One of the things that really impressed me about this post was the thoughtful
way Peldi stepped back and realized the vision needed to expand -- as opposed
to trying to keep the old vision when it didn't fit, or drifting into
something new without really thinking about it.

Here's hoping they take their success to the next level!

------
wallflower
I know when I read a Balsamiq post that I'll get inspired and re-motivated for
my own frequent back-burner mini-ISV goals.

Peldi - Grazie for the transparency.

No update on the iPad app. However, it appears the company is doing so well (a
very good problem) that the iOS app has fallen on their backlog. At least,
Apple has now officially allowed Adobe's Flash to iOS technology.
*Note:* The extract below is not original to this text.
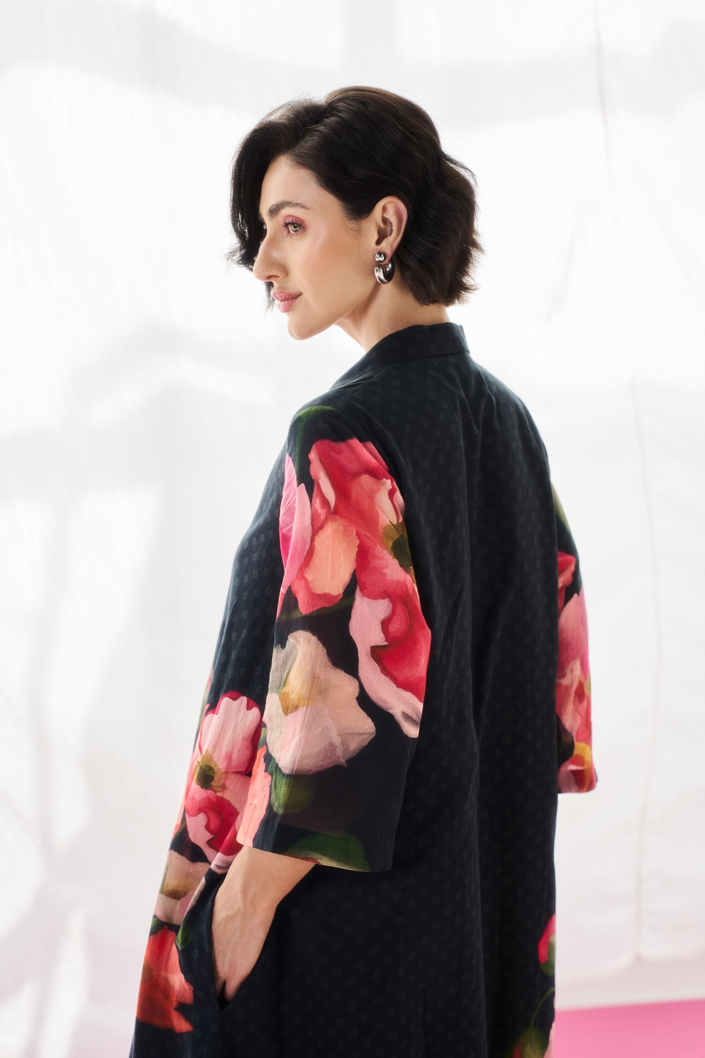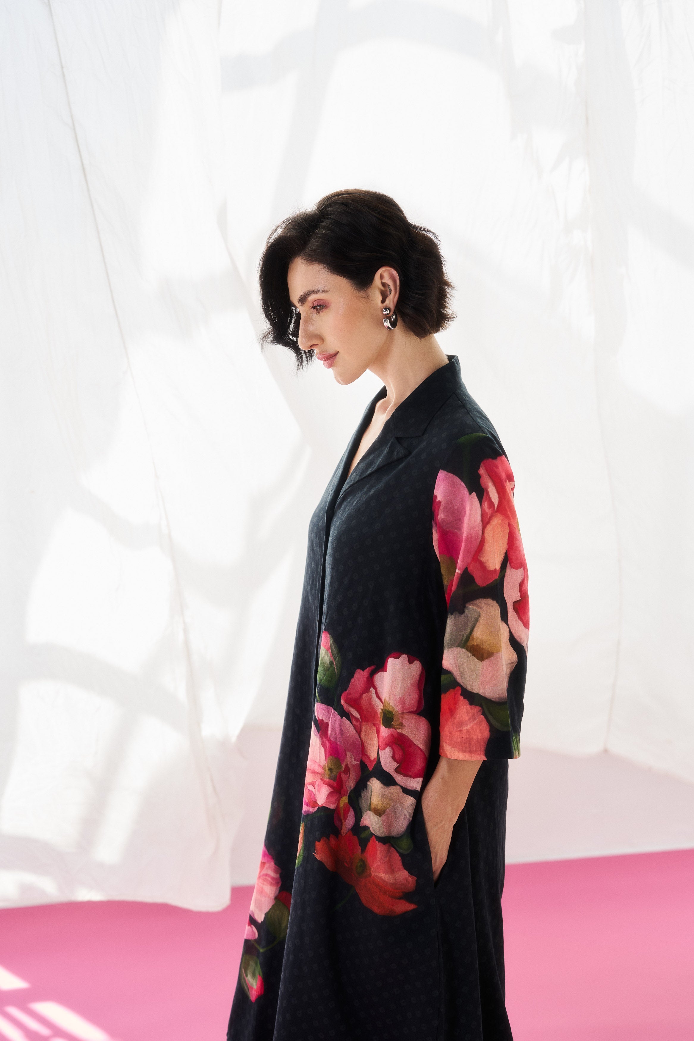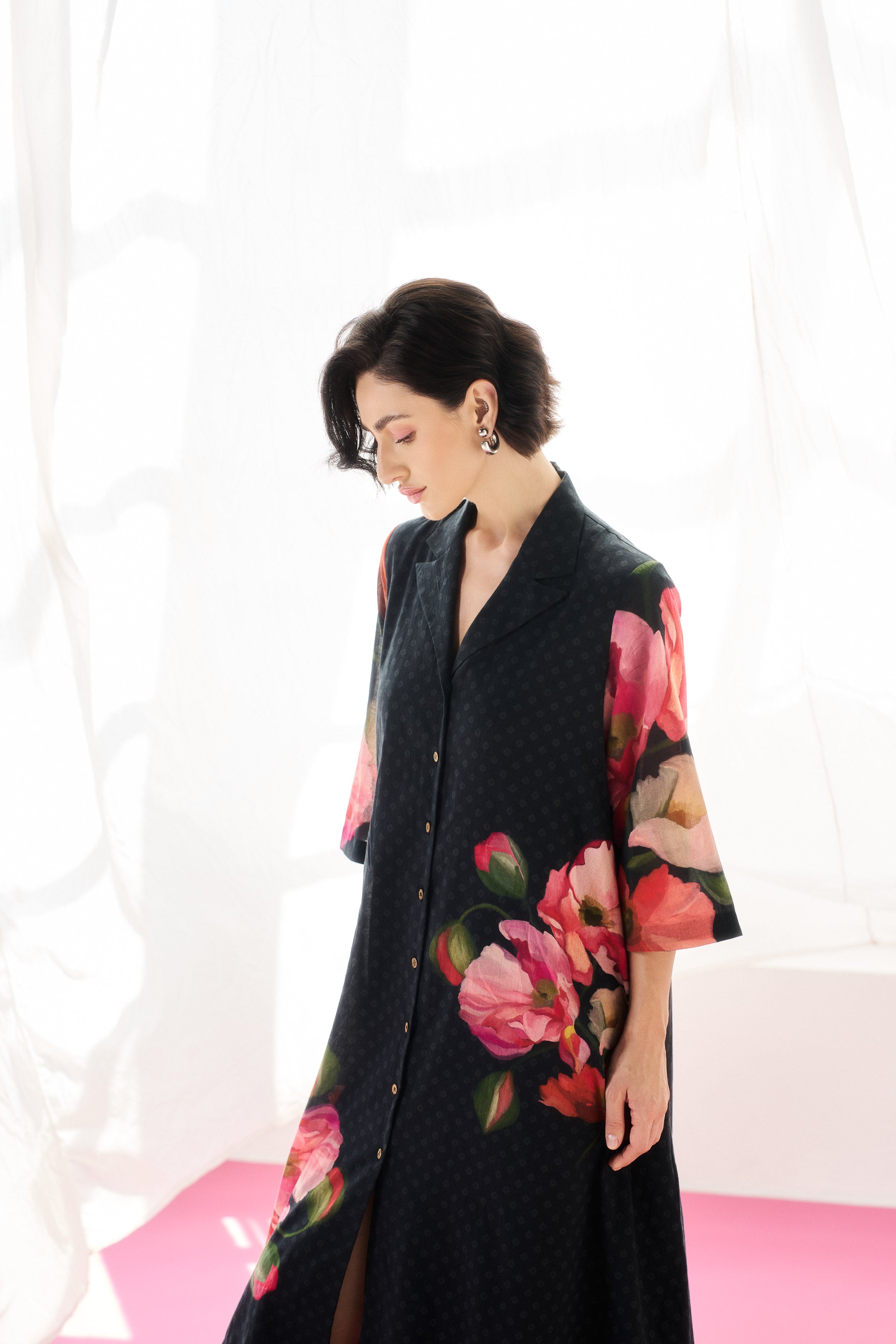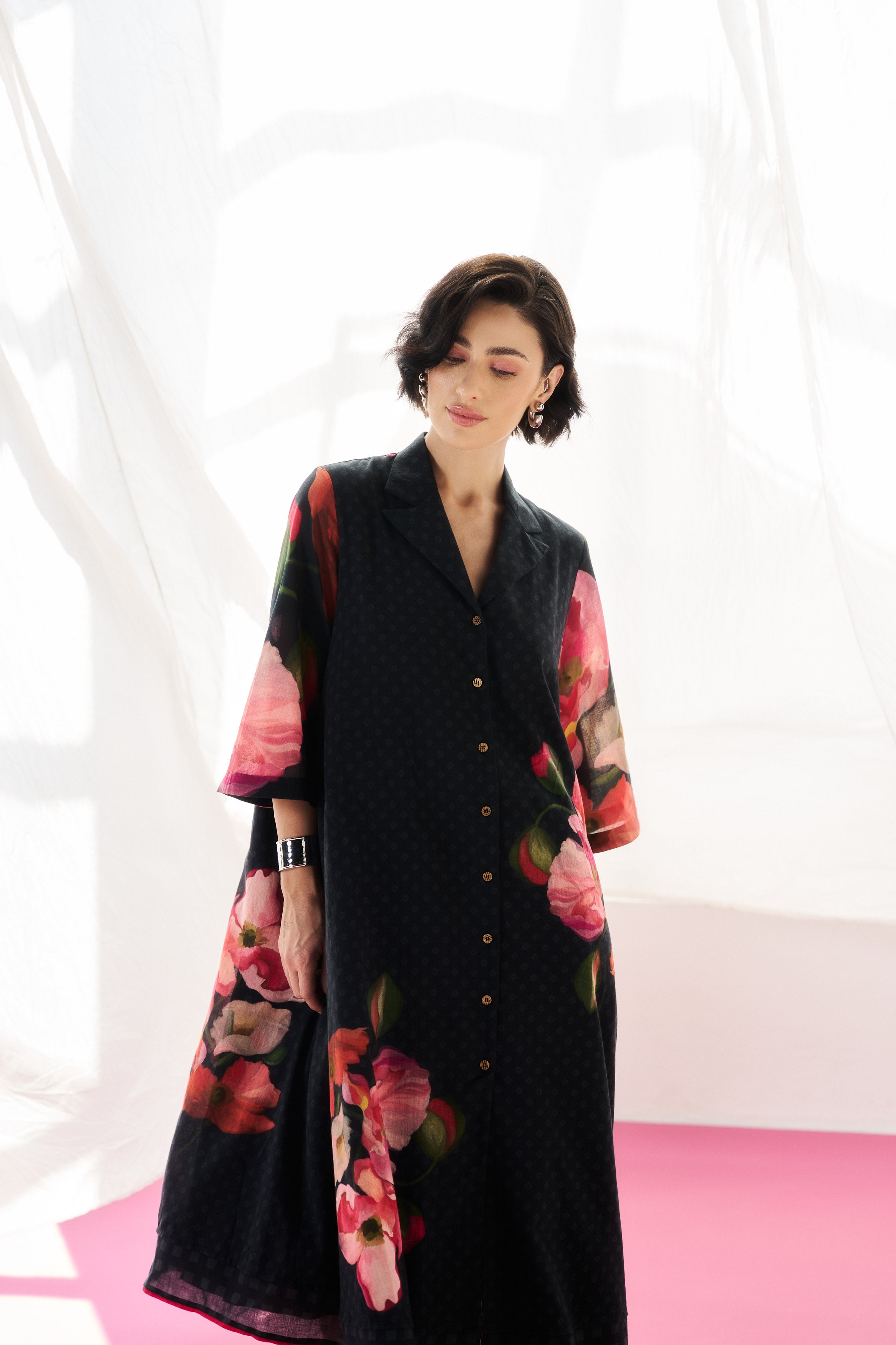 Description: A fluid black mul mul dress tailored for effortless elegance.

The last
blog post about the iPad app (June 2010) was "This Fall: shipping the iPad app
(or at least a beta)"

That is one app that I would buy an iPad for.

------
michaelchisari
I was able to snag a copy of Balsamiq for doing Appleseed UI mockups (it's
free to open source projects), and I want to say, that it's been
extraordinarily useful.

So, kudos to them, it's great to see this growth, they have a really fantastic
product.

------
ghurlman
Can't seem to find an RSS feed for the new blog - the "feed list" link at the
bottom of the page leads to 404.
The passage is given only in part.